Но это еще полбеды.
А вот привелось нам узнать, что в соседнем дендрарии выросло такое же Удивительное дерево и будто туда собираются приглашать консультантом по окружению заботой этого самого Директора.
Вот что страшно.
Комариная клятва
Вечер был. Сверкали звезды.
Комары летали. Кусались.
Одного словили.
Запищал Комар, застонал, ну лапки ломать. По колени в слезах. Пощады просит:
– Да что вы, граждане! Да это ж такая ошибка!.. Да это вы меня, верно, за малярийного приняли, за анофелеса! А какой же я анофелес? Я же самый что ни на есть обыкновенный комар! Брюшко у меня как? Брюшко у малярийного – под углом или даже, простите, вертикально. А щупики нижних челюстей? Вернейшая ведь примета! У меня, видите, щупик короче хоботка! А у амофелеса проклятого щупик хоботку равен. Это вы хоть у кого проверяйте, всякий скажет, что не вру. Хоть в справочник загляните, хоть в «Жизнь животных»…
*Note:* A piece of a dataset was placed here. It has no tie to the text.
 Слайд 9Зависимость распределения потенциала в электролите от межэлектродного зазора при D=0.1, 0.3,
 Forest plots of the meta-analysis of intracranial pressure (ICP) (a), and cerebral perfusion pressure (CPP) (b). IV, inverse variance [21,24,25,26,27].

– Однако, – сказали Комару, – кусаешься! Зуд от твоих укусов несносный. Житья от тебя, Комар, нету.
– Так ведь я всю жизнь только и делаю, что стараюсь не очень больно кусать. А с сего числа слово даю и вовсе не кусаться! Хотите, расписку напишу? Пожалейте меня, разнесчастного Комара, многосемейного…
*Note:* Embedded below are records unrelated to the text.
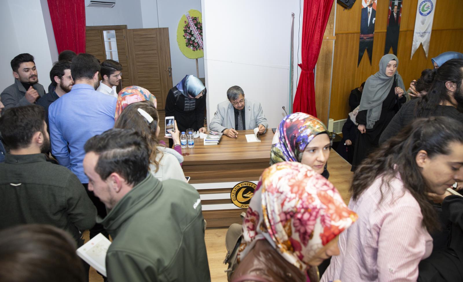 TÜGVA il temsilcisi Muhammed Anıl Kaya’nın program sonunda çeşitli hediyeler takdim ettiği Hayati İnanç, dana sonra Rektörlük Fuaye salonunda hayranları için kitap imzaladı.
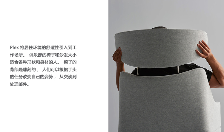 Plex将居住环境的舒适性引入到工作场所。俱乐部的椅子和沙发大小适合各种形状和身材的人。椅子的背部是雕刻的,人们可以根据手头的任务改变自己的姿势,从交谈到处理邮件。
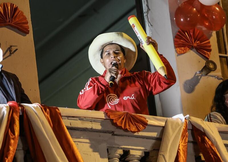 El profesor izquierdista -casi un desconocido al inicio de la campaña- presidió un mitin de cierre de campaña desde el balcón de la sede de la Confederación General de Trabajadores del Perú (CGTP), la mayor central sindical del país, en la plaza Dos de Mayo de Lima.

– Многосемейного? – спрашивают. – Да неужто ты многосемейный? Мы этого не знали, что ты многосемейный.
– Не верите? – заливается Комар слезами. – Да вы вон в ту лужу гляньте, сколько в ней личинок плавает, все мои!
Пошли проверять. Видят, верно, личинок видимо-невидимо. Может быть, миллион, может быть, и того больше.
– А что же, – сказали, – а может, и верно, попробовать его отпустить, поскольку он, во-первых, действительно обременен семьей, а во-вторых, согласен дать расписку?
Комар ужас как разволновался.
– Ах! – говорит. – Как же я вас покорнейше благодарю! Дай вам, – говорит, – бог за вашу доброту здоровья, а деткам вашим всем быть генералами, да лауреатами, да академиками! Зарок даю не кусаться. Давайте мне бумагу, давайте мне самопишущее перо, сейчас я документ буду подписывать.
Разгуделся Комар, раскричался, лапками по письменному столу стучит, глазами сверкает. Видят, очень искренний Комар. Выпустили его из щепоти, дали бумагу, самопишущую ручку.
– На, подписывай!
А он как вопьется в чью-то руку, да и был таков.
– Ах ты, проклятый, ах ты, клятвопреступник! Лови его!..
Попробуй поймай!
Стакан воды
Случилось в одном довольно большом городе, в одном довольно большом учреждении некое совещание. Не то план утверждали, не то ошибки признавали, не то еще что-то в этом роде. В данном случае это никакого значения не имело.
А имело значение то, что в этом учреждении на совещаниях, заседаниях и тому подобных ассамблеях ораторам подавали чай с лимоном.
Мы, обратите внимание, отнюдь не против, чтобы подавали чай с лимоном. У нас совсем о другом разговор.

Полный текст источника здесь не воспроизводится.